Layer 1 — SansadSaar infrastructure
| Component | Cost | Notes |
| The app itself | Free | Static HTML on GitHub Pages. |
| Daily data scrape | Free | GitHub Actions free tier (public repos = unlimited minutes). |
| Data hosting | Free | GitHub Pages, 100 GB/month soft limit. Current data <500 MB. |
| Custom domain (Cloudflare) | Free | Cloudflare DNS + Pages, free tier. |
Layer 2 — Local AI inference
| Model | Cost | Limits |
| Gemma 4 / Ternary Bonsai (any size) | Free | Runs on your GPU. Bandwidth: one-time download, then nothing. CPU/GPU time is yours. |
Layer 3 — BYOK API providers (optional)
| Provider | Free tier | Pay-as-you-go |
| Anthropic (Claude) |
None — paid only. |
~$3/M input · $15/M output (Sonnet 4.5). A 50-page summary ≈ $0.05–$0.10. |
| OpenAI (GPT) |
None on most models. Some accounts get $5 trial credit. |
~$0.15/M input · $0.60/M output (GPT-4o-mini). A summary ≈ $0.005. |
| Google Gemini |
Yes. 15 req/min, 1M tokens/day free. Get a key at aistudio.google.com. |
Above the free tier, ~$0.075/M input · $0.30/M output (Gemini 2.5 Flash). |
| Groq |
Yes. Free tier with rate limits (~30 req/min). Inference is very fast (Llama 3.3 70B in seconds). Get a key at console.groq.com. |
Pay tier available for higher rate limits. |
| OpenRouter |
Yes. Free models (look for :free suffix in the model name). Get a key at openrouter.ai. |
Pay-as-you-go for premium models from many providers. |
| Ollama |
Yes — fully free. Runs on your computer. Install from ollama.com, then ollama pull llama3.2. Set OLLAMA_ORIGINS=https://sansadsaar.naklitechie.com when starting Ollama so the browser can reach it. |
— |
| Custom OpenAI-compatible |
Whatever your endpoint charges (or doesn't). |
For self-hosted vLLM / LM Studio / Together.ai etc. |
Layer 3b — Web-search enrichment (optional)
| Provider | Free tier | Pay-as-you-go |
| Tavily | 1,000 queries/month | $10–$80/month for higher tiers. |
| Brave Search | 2,000 queries/month | From $3/CPM (1,000 queries). |
| SearXNG | Free, self-hosted | — |
Recommended free path for most people. Local AI = Gemma 4 E2B (or Ternary Bonsai 1.7B if low on bandwidth) + Tavily for search enrichment. You'll never see a bill.
13. Troubleshooting
The local model won't load
- Check the AI status pill — if it says "No WebGPU", the browser doesn't support WebGPU. Use Chrome 113+, Edge 113+, Brave, or Firefox 130+.
- If it shows "Worker error", open DevTools console for the underlying message (network failure, OOM, model file corruption). The "Clear cache" button in Settings forces a re-download.
Generation is slow
- Local AI on a CPU-only machine is slow — WebGPU on a recent GPU is needed for usable speed. Check
chrome://gpu in Chrome.
- Long reports get truncated to fit the model's context window (8K for Gemma 4 E2B, 32K for Bonsai 1.7B/4B, 64K for Bonsai 8B). For very long reports, the larger Bonsai models or a BYOK provider produce better summaries.
Ollama returns CORS errors
Ollama's HTTP API doesn't allow cross-origin requests by default.
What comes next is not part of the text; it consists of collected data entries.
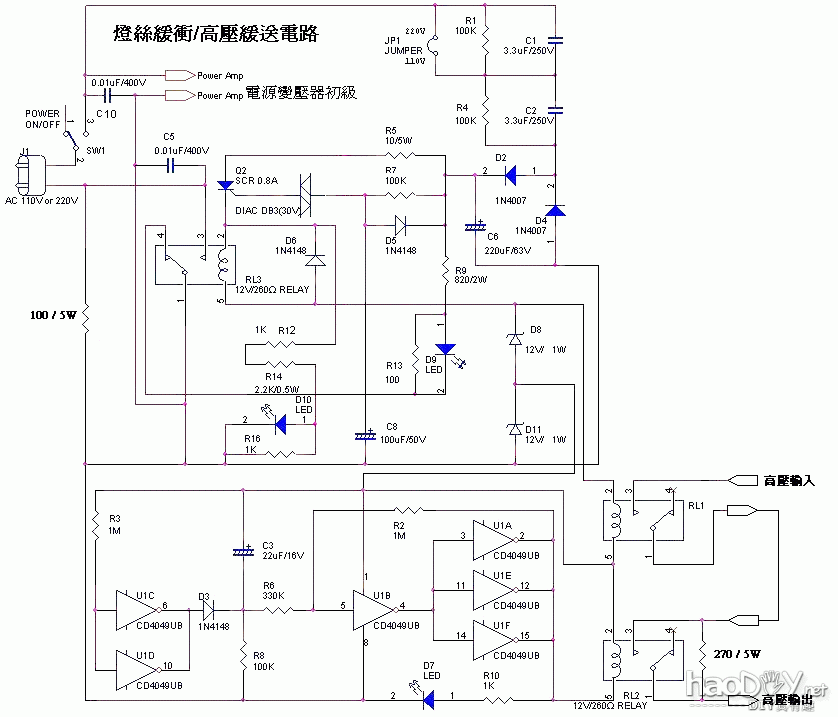 真空管放大器高壓緩送的部分由原本「緩衝啟動、喇叭保護器」中的喇叭保護器來負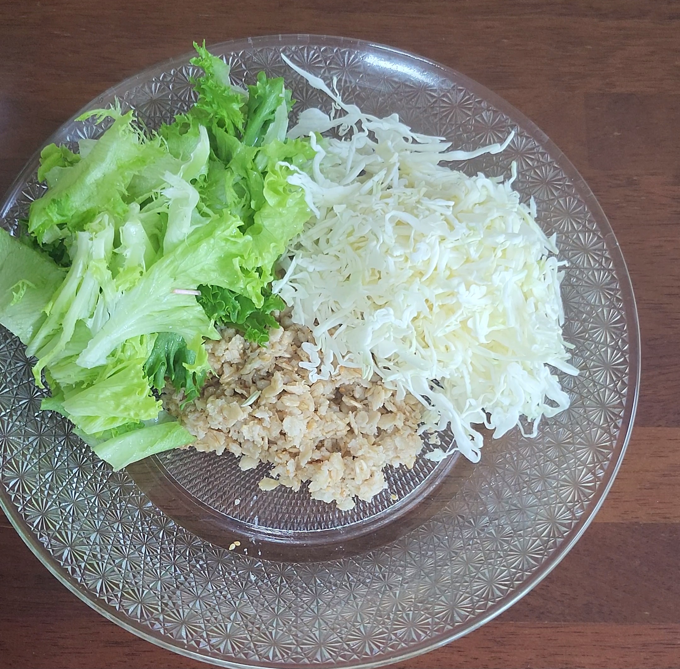2. 샐러드채소🥗, 양배추채, 옥수수캔, 닭가슴살, 크래미를 준비해주세요.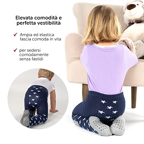 LaLoona calzini antiscivolo bambino, collant bambina cotone con gommini antiscivolo - (12-24 mesi) - stelle azzurro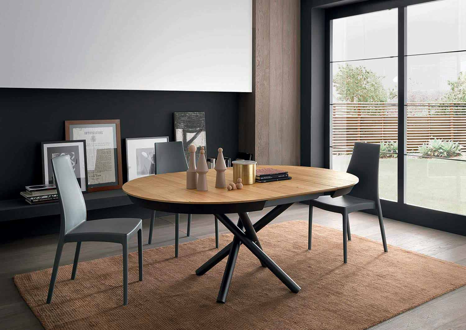 Kulatý rozkládací jídelní stůl s dřevěnou deskou a kovovou podnoží Made in Italy.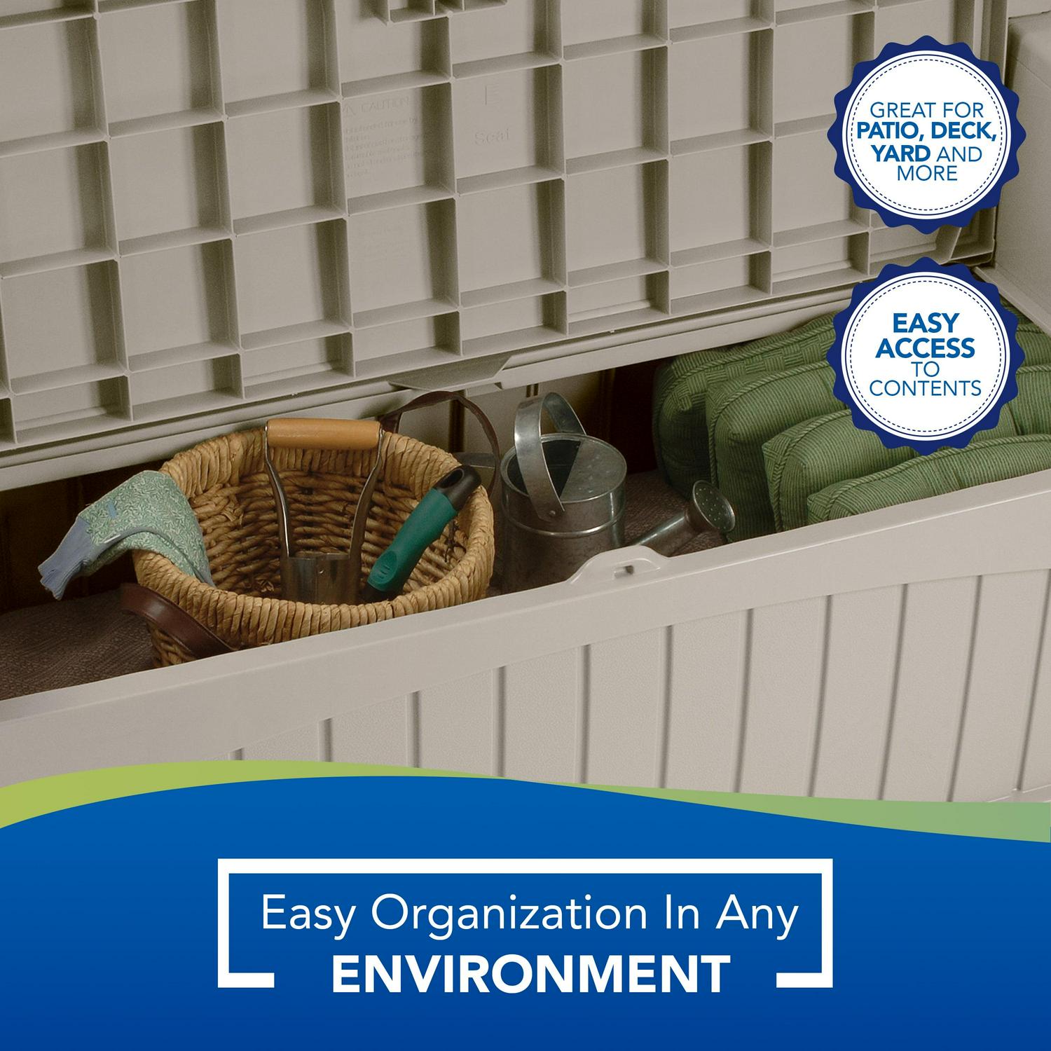 Suncast 50 Gallon Outdoor Resin Deck Storage Bench for Patio, Light Taupe:

Set OLLAMA_ORIGINS when starting Ollama:
OLLAMA_ORIGINS="https://sansadsaar.naklitechie.com" ollama serve
If you opened the app via http://localhost:8000 for local dev, set OLLAMA_ORIGINS=http://localhost:8000 instead.
The mirror is missing data
The daily action runs at 04:30 UTC (10:00 IST). If a new report shows up on sansad.in mid-day, it'll appear in SansadSaar the next morning. Settings → Refresh from mirror force-fetches; on a fresh visit the latest data loads automatically.
Where do credits live?
Help → Credits tab. Open from the ? button in the header.
Built on top of ParliamentWatch by Pranay Kotasthane — the scraper, committee config, and original idea are his. SansadSaar repackages it with on-device AI. Full credit list in the Help → Credits tab.